2009 Portland GSA Annual Meeting (18-21 October 2009)
Paper No. 266-2
Presentation Time: 1:45 PM-2:00 PM


MALCUIT, Robert J., Dept. of Geosciences, Denison Univ, Granville, OH 43023-1372, malcuit@denison.edu

The discovery and subsequent study of detrital zircon crystals from the Jack Hills Formation of Western Australia is recasting our concept of the Primitive Earth. It has changed from “hell-like” (Cloud, 1972, Am. Jour. Sci, 272, p. 537) to “A Cool Early Earth” (Valley et al., 2002, Geology, 30, p. 351). The Giant Impact Model for the origin of the Moon and the Earth-Moon System is more consistent with the “hell-like” model. The purpose of this paper is to present a Tidal Capture Model that is compatible with the concept of “A Cool Early Earth”.

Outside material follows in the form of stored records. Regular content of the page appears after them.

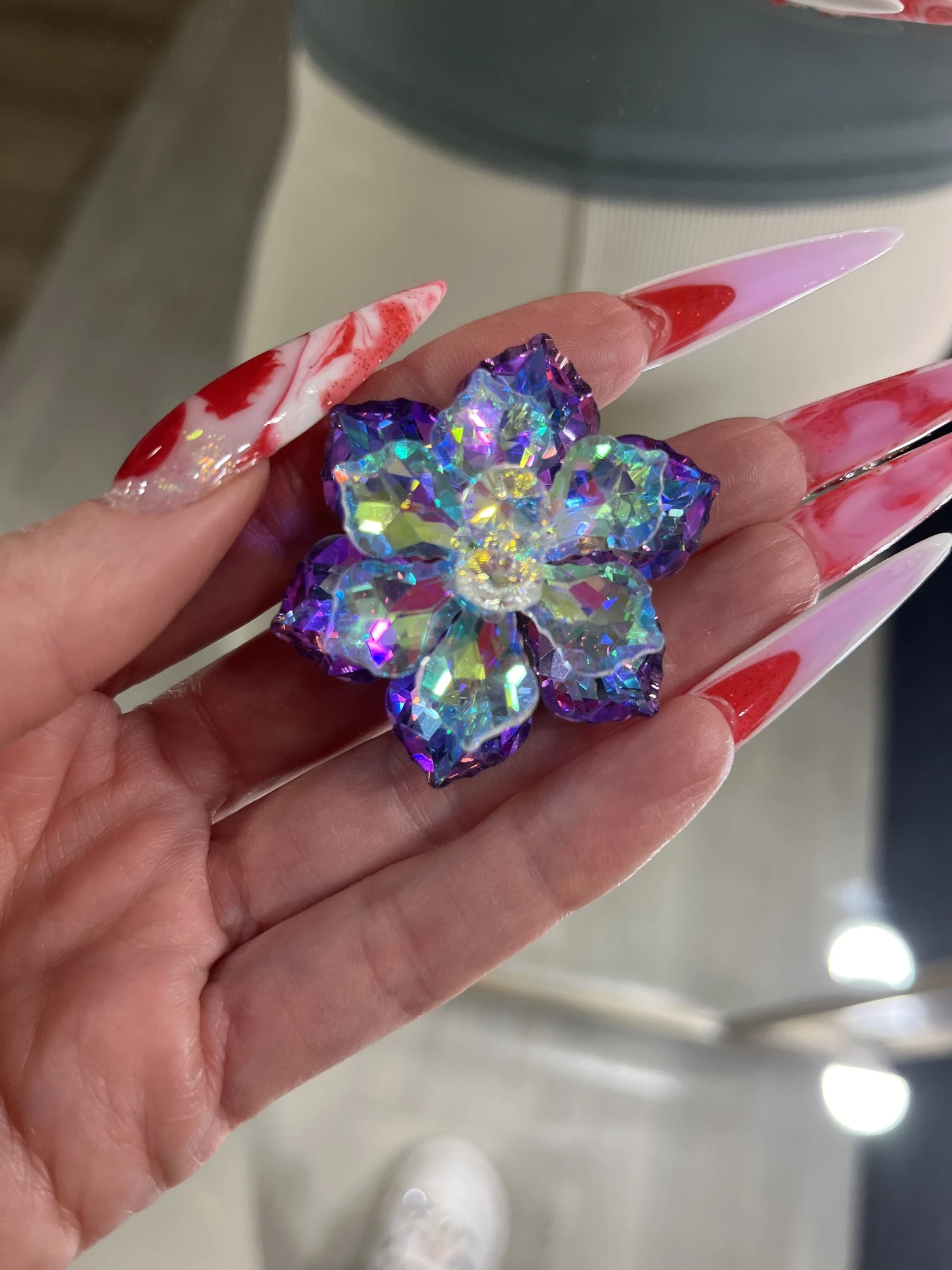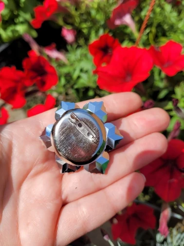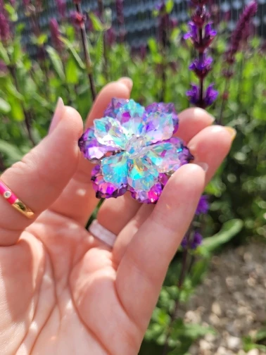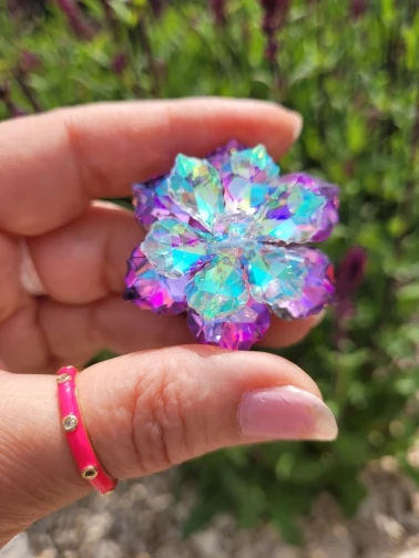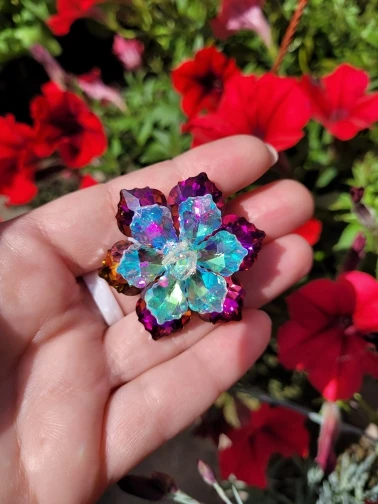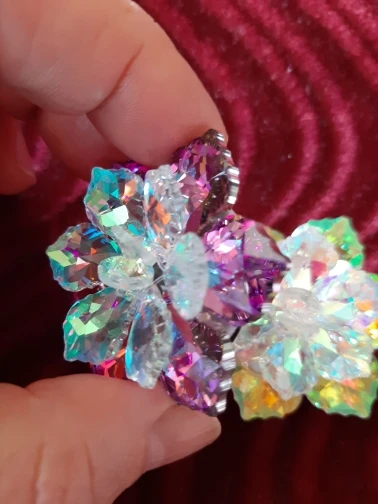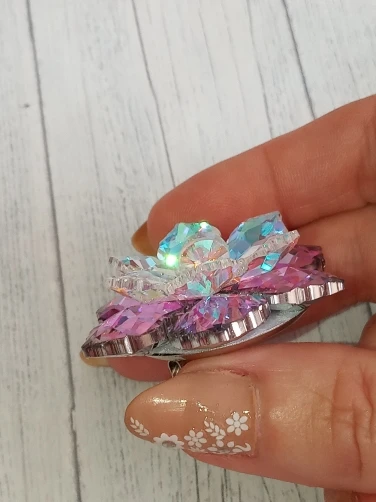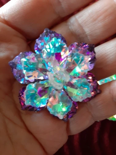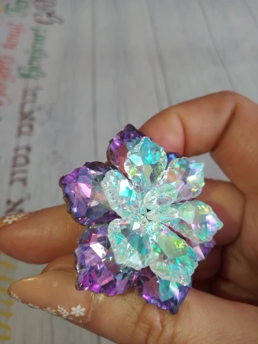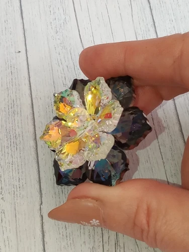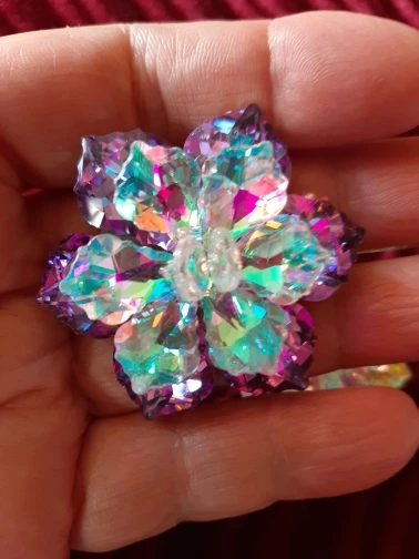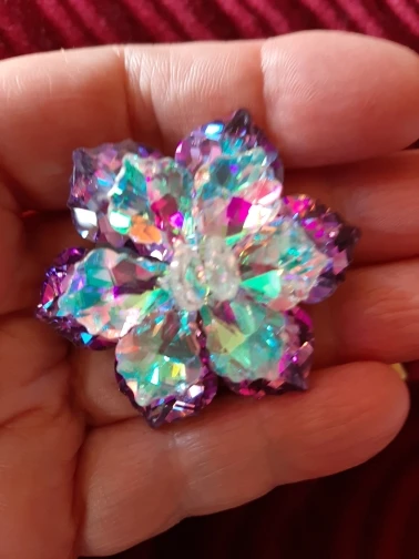Брошечка классная! Но пришла с браком... сколы на 2-х лепестках и на нижнем ярусе развернут лепесток неправильно и много клея. Осколков в пакете не было, значит уже отправили брошку с браком. ...Открыла спор ...жду. Заказывала 3 расцветки, 2 другие брошки отличные.
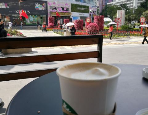 难得遇到这家星巴克人不多的时候,室内外都有空位选择。正好尝尝新出的啤酒风味拿铁,要了热饮,刚开盖立刻能闻到一股啤酒的香味,入口也确实有点咖啡融合啤酒的感觉,不过多喝几口感觉就渐渐平淡了,回归了普通拿铁的本色,不过这款是没有酒精的,啤酒只是噱头。最近还出了棉花糖和麦芽咖啡拿铁,打算这几天都试一次。当季特饮都比较贵,图个新鲜,性价比是不存在的。
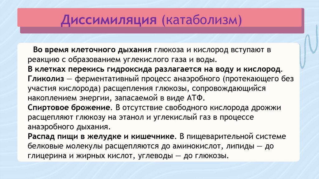 Диссимиляция (катаболизм)Во время клеточного дыхания глюкоза и кислород вступают в
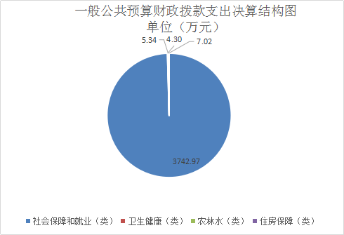 2022年一般公共预算财政拨款支出3,759.64万元,主要用于以下方面:社会保障和就业支出3,742.97万元,占99.56%;卫生健康支出4.30万元,占0.11%;农林水支出5.35万元,占0.14%;住房保障支出7.02万元,占0.19%。
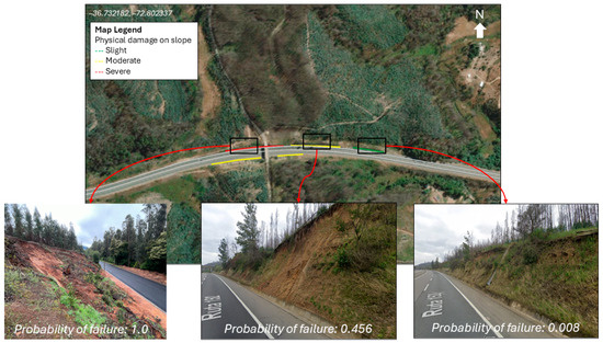 Figure 6 shows a section of the road connecting Chillán and Concepción, illustrating these three states of damage associated with precipitation events with a return period of 100 years. These were correlated with available Google Street View imagery from May 2024; severe damage is associated with a completely failed cut slope, moderate damage corresponds to a slope exhibiting superficial failure similar to an erosion process, and slight damage indicates no apparent failure. It is important to note that this procedure was conducted primarily to verify the operational functionality of the proposed methodology and does not constitute a formal validation, as specific information regarding the causative rainfall events and the precise dates of the failures observed in the photographs was unavailable.
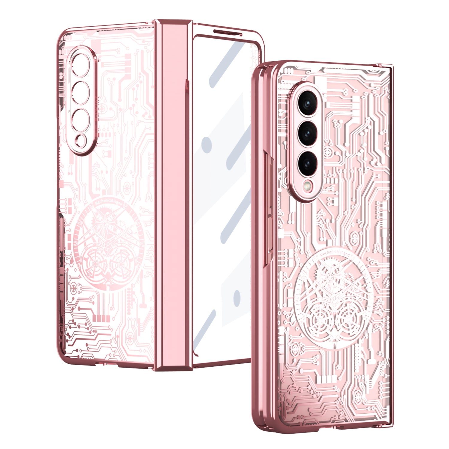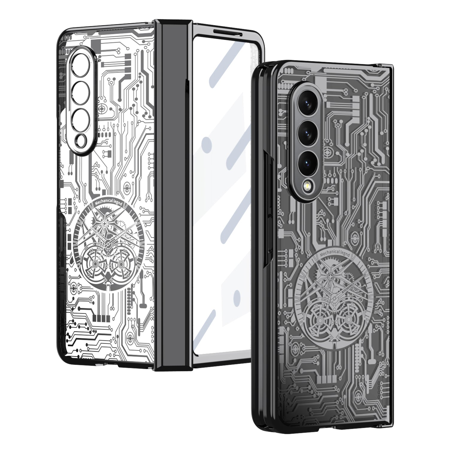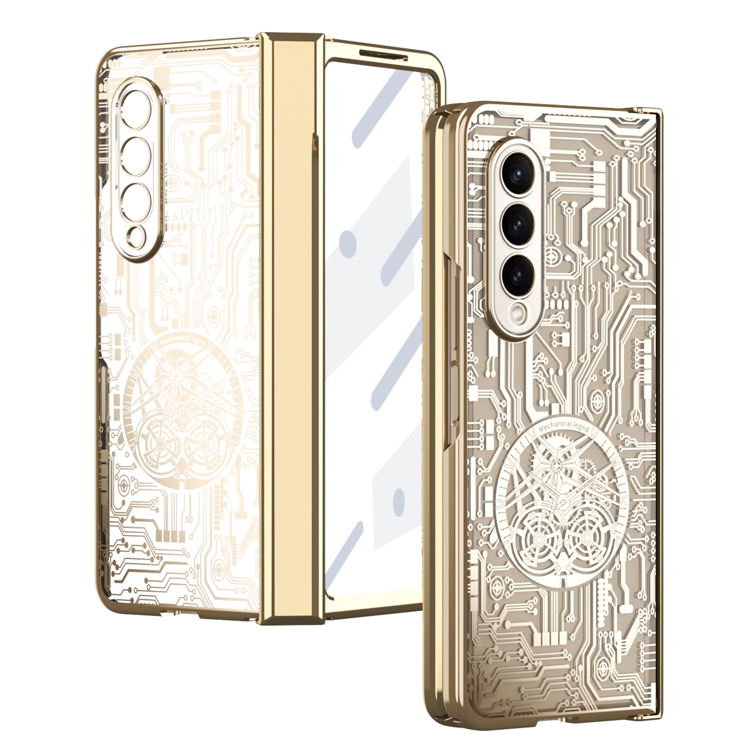 Folding Phone Case for Samsung Galaxy Z Fold3 5G Mechanical Legend Series Electroplating PC Shell with Tempered Glass Film
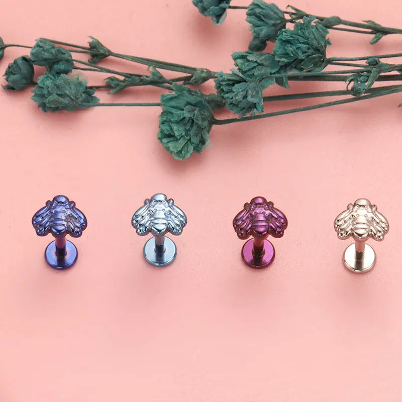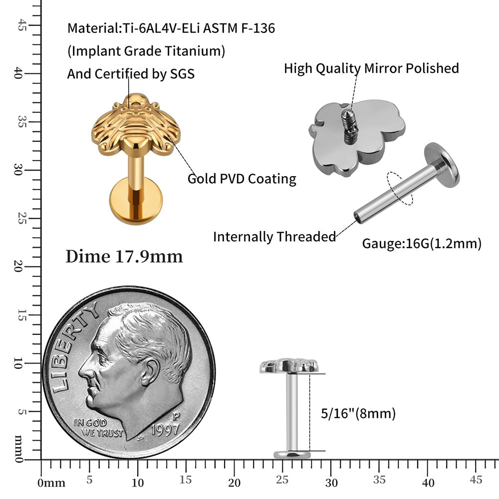 Labret stud with bee 16 gauge titanium internally threaded

This version of a Tidal Capture Model (Malcuit et al., 1992, Proc. Vol., 3rd Archean Symp., p. 223) features capture of a lunar-sized body at about 3.95 Ga. Before the capture episode there was NO MOON. Assumptions for the model are that the earth accreted from meteoritic debris, underwent core formation and magma ocean development early in earth history (Harrison, 2009, Ann. Rev. Earth Planet. Sci., p. 479). A chill crust developed as the magma ocean crystallized. Water vapor condensed eventually to form primitive oceans as the earth continued to cool. Occasional impacts would disturb this scene locally.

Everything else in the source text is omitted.